2)      Why are you doing this?  (I think for some the question carries the underlying wonder as to why I would be doing this “at my age.”)

These are great questions and I want to address them in two ways.  First, I want to address my answers to those who might be in discernment about joining Lutheran Deacons [Lutheran Deacons is the name that has been selected by the initial group of men forming in the LDA and will eventually become a conference within the LDA].  Second, I will address why this is important to me.


 It is fair to say that becoming a deacon within the LDA is not for everyone, and, that is OK.  Deacons do not “own” diaconal ministry.  Every Christian is commissioned for Word and Service ministry at their Baptism, so this calling is not unique to any group of people.  Deacons do help sisters and brothers live out their diaconal call and help them identify their own unique way to live the call.  Deacons lead the way in demonstrating how Word and Service ministry is done in any vocation that serves.  Deacons serve congregations, but deacons also serve as public school teachers, nurses, doctors, chaplains and any number of professions that serve the needs of others.

 Why does a deacon then join something like the LDA?  One word: community.  The Lutheran Deacons offer a place for support, sharing and study.  Lutheran Deacons help each other in answering the call and Lutheran Deacons help lead the Church in its understanding of the diaconal calling modeled by Christ.  Currently, at 10:00 pm. every Monday, the Lutheran Deacons convene on Skype for sharing, caring and praying.  It is a time to walk together in a special way.

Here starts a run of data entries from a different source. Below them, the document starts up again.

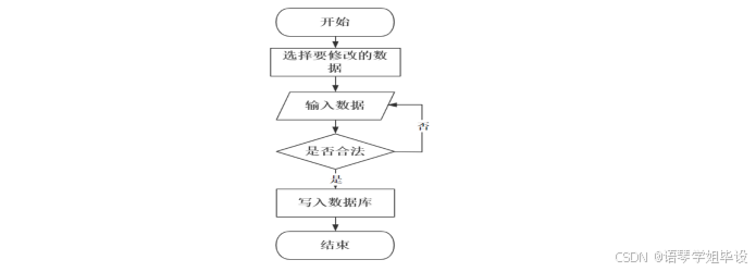 在进行数据更新时,必须要有一个惟一的主关键字,以便数据库能够查询到相应的数据;另外,还必须遵守数据插入过程的操作规范,以确保数据的正确性。修改信息流程图如图3-5所示。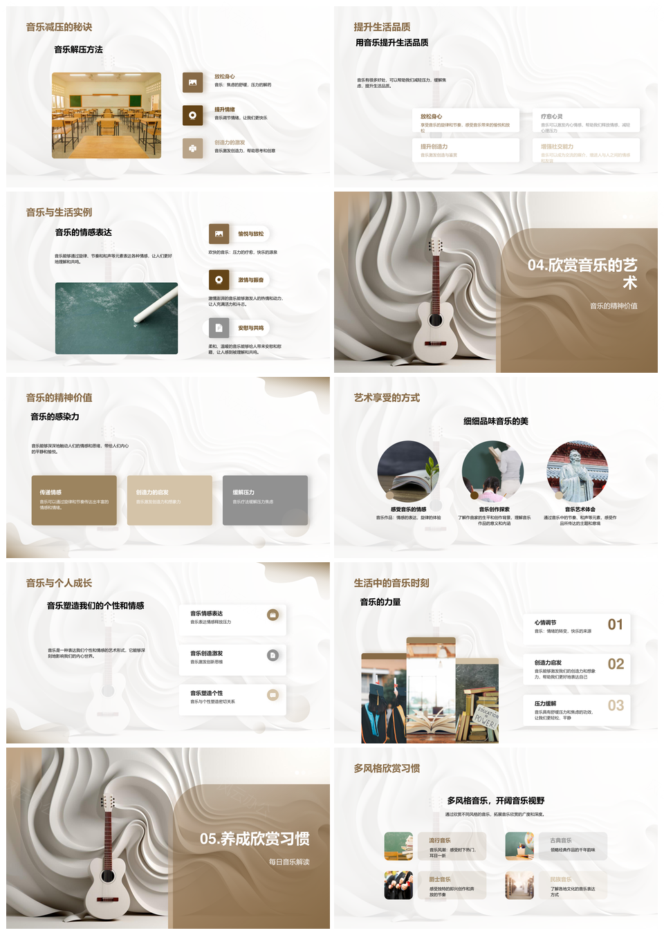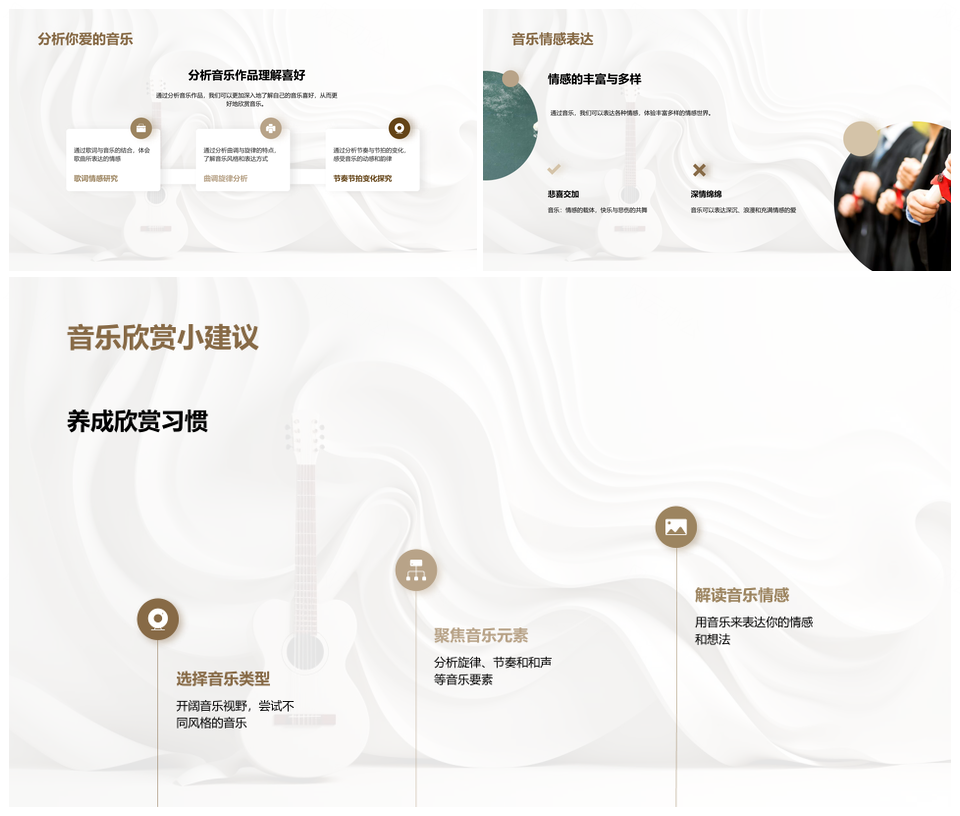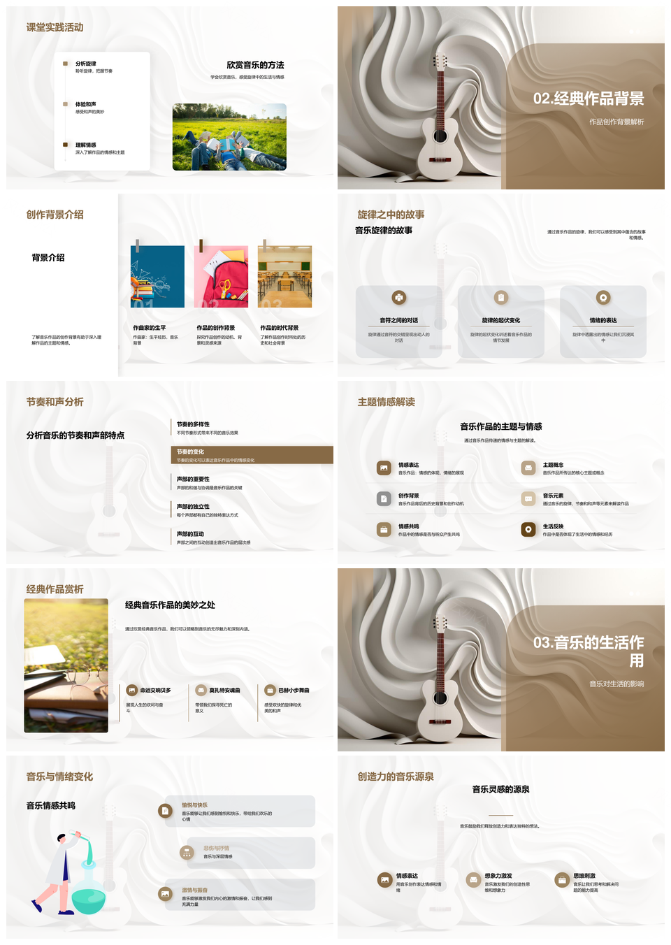 这是一张音乐之旅静心聆听艺术生活旋律节奏符号PPT模板,包含音乐之旅、静心聆听、艺术生活、旋律、节奏、符号等主题内容,也可用作音乐静心聆听艺术、静心聆听艺术生活、艺术生活旋律节奏、生活旋律节奏符号、音乐静心艺术生活、静心艺术生活旋律、艺术旋律节奏符号、音乐静心聆听旋律、静心聆听生活旋律、艺术生活节奏符号、音乐艺术旋律节奏、静心生活节奏符号、旋律节奏符号音乐、音乐静心生活节奏、艺术旋律符号生活等PPT场景使用。 风云办公提供的音乐之旅静心聆听艺术生活旋律节奏符号PPT模板,下载格式为pptx,一共31页,作品中文字及图均可以修改和编辑,图片更改请在作品中右键图片并更换,文字修改请直接点击文字进行修改。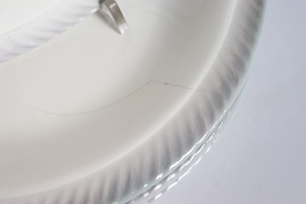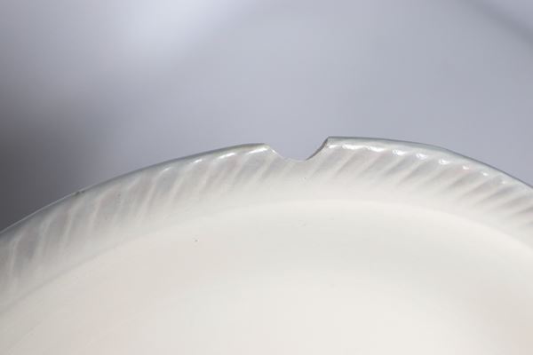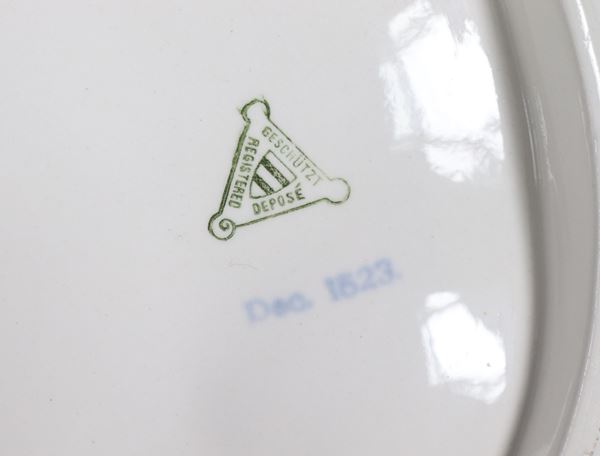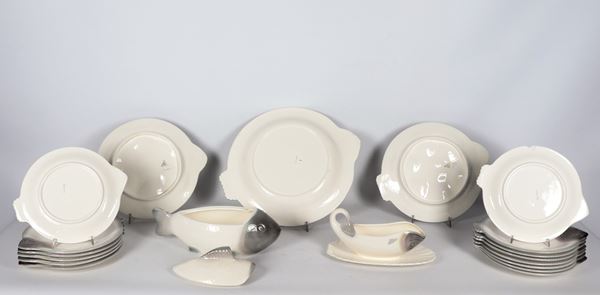 composto da: 14 piatti piani di cui 1 sbeccato e 1 incrinato, una piccola zuppiera a forma di pesce, due piatti da portata per ostriche, una salsiera e un piatto tondo da portata.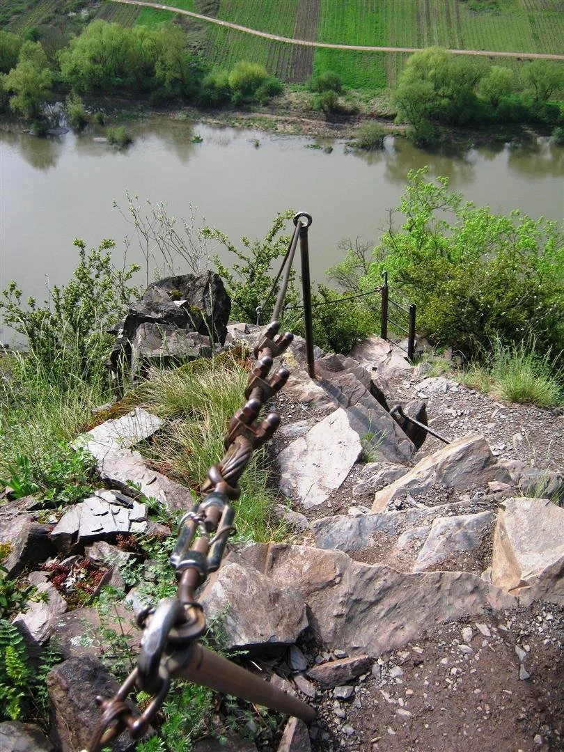 The route begins in Bremm and immediately ascends through terraced vineyards before transitioning onto steeper, rocky terrain. Metal steps, ladders, and fixed steel cables guide hikers across narrow traverses overlooking the sweeping Moselle River bend.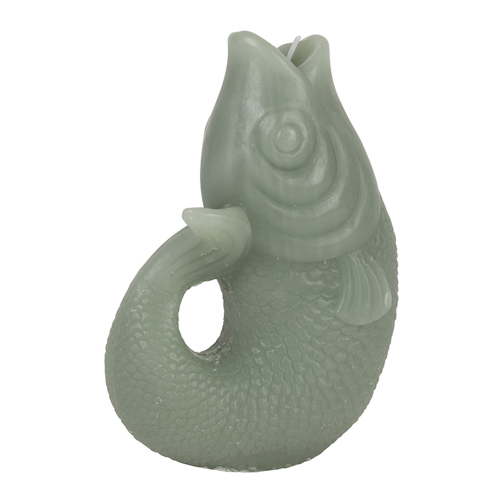 Plongez dans une atmosphère apaisante avec notre bougie en forme de poisson d'un délicat ton vert d'eau.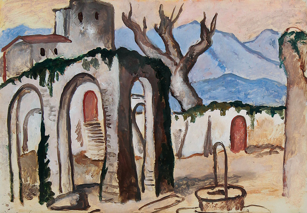 olio e acquerello su carta intelata cm. 35x48, opera non firmata, etichetta, timbro e firma per autenticità e provenienza della Christie's (Roma) su foto, provenienza Galleria d'Arte Ghelfi (VR).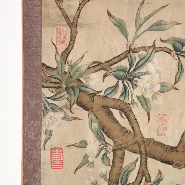 Contemporary, ink and colors on paper, hanging scroll format with brocade border, a hand colored printed image of a bird on prunus branch, with numerous collector seals in all areas of the image including Qianlong emperor seals, calligraphy to the right hand side of image.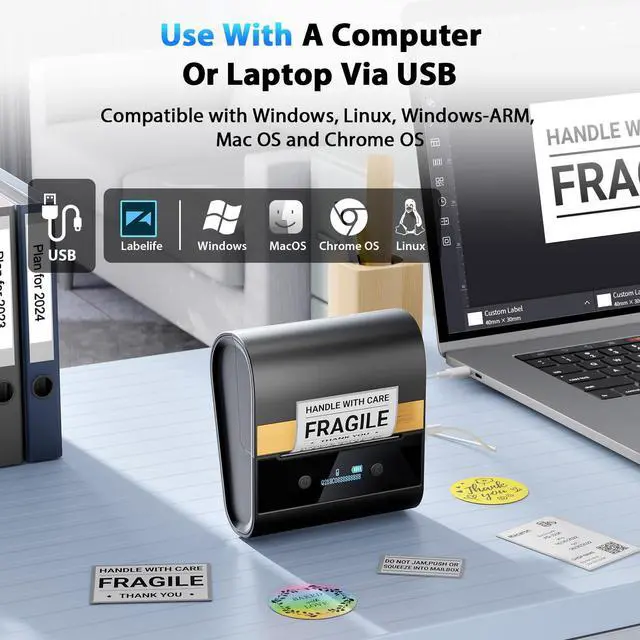Compatible with Multiple Devices: This Bluetooth label maker machine is compatible with most mobile phones and computer devices. When using a smartphone, you need to connect to the app via Bluetooth and is compatible with both iOS and Android systems. When using a computer, you need to connect with a USB cable an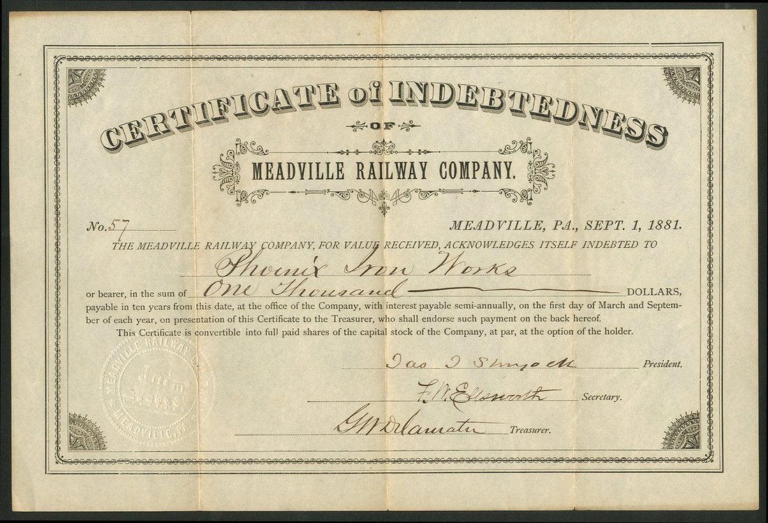U.S.A.: Meadville Railway Company (PA), certificate of indebtedness, $[1000], 1881, #57, black, ornate border, embossed seal. GVF and not in Cox.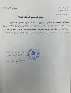 ونص التعميم، الصادرة عن دائرة أمن المطار والموجّه إلى جميع شركات الطيران على “التشدد من حيازة السوريين الراغبين بالذهاب إلى سوريا مروراً بلبنان عبر مطار رفيق الحريري الدولي على إقامات صالحة لمدة تزيد عن 6 أشهر في الخارج”.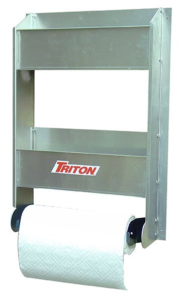 2 shelves for oils and supplies, plus paper towel holder. Mounts to wall studs, or combo wall.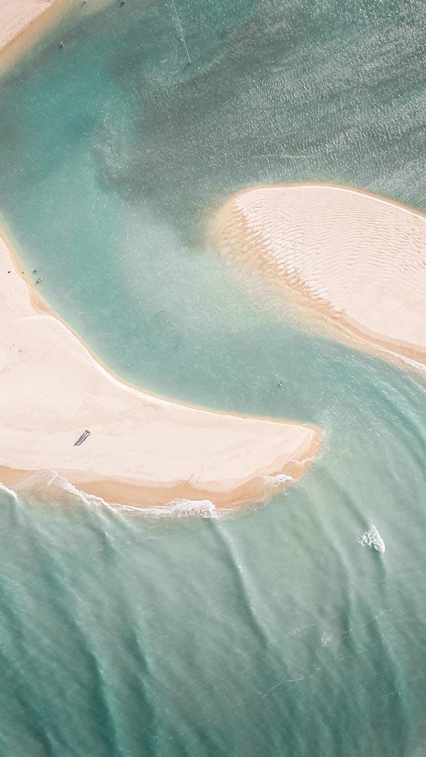 Um desenho feito de vento e tempo Vista aérea de praia em Jericoacoara, no Ceará (© AmazingAerialAgency/Adobe Stock)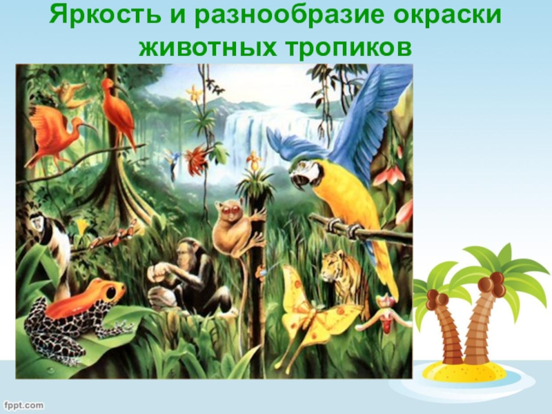 Слайд 3Яркость и разнообразие окраски животных тропиков

 A Deacon would affiliate with the LDA because he shares in the vision of the community and embraces the guiding principles of service and witness.  A Deacon would affiliate with the LDA to be engaged in honest conversation and prayer and to have a group of people who “get it.”  It is a community that offers a place to be.


 What I believe I am doing is answering a call.  I have been serving in a diaconal role for 42 years, but, what I discern now is that I am being called to be a part of a diaconal community of men. 

 The LDA has provided a home for women since 1919, but there has not been a similar place for men who are ministers of Word and Service to be in community.  I am thankful that the LDA is now opening the opportunity for men to be in community and for men to be a part of the vision and ministry of the LDA. 

 I have known of the LDA since I was in high school.  It wasn’t until I graduated from college and began my parish service that I actually had contact with members of the LDA.  As I came to know the deaconesses in the field,  I must say that I was very impressed with their preparation, their formation, and their living out of community.  I really wanted a way to be a part of that, or a similar, process.

 So, when invited by the LDA to begin this process of formation, I felt it was time to put up or shut up.  I am thankful for the opportunity.  For me, age is never a barrier.  As long as I have life and breath, I hope to be growing, learning and discerning.  And, partly because of my age and my life experience in forming women and men for ministry, I believe I can bring some insights to the table that can be helpful.

I am committed to being a part of a male diaconal community and to helping form a male diaconal community.  Lutheran Deacons within the LDA provides a place of groundedness for me, and, for this I give thanks.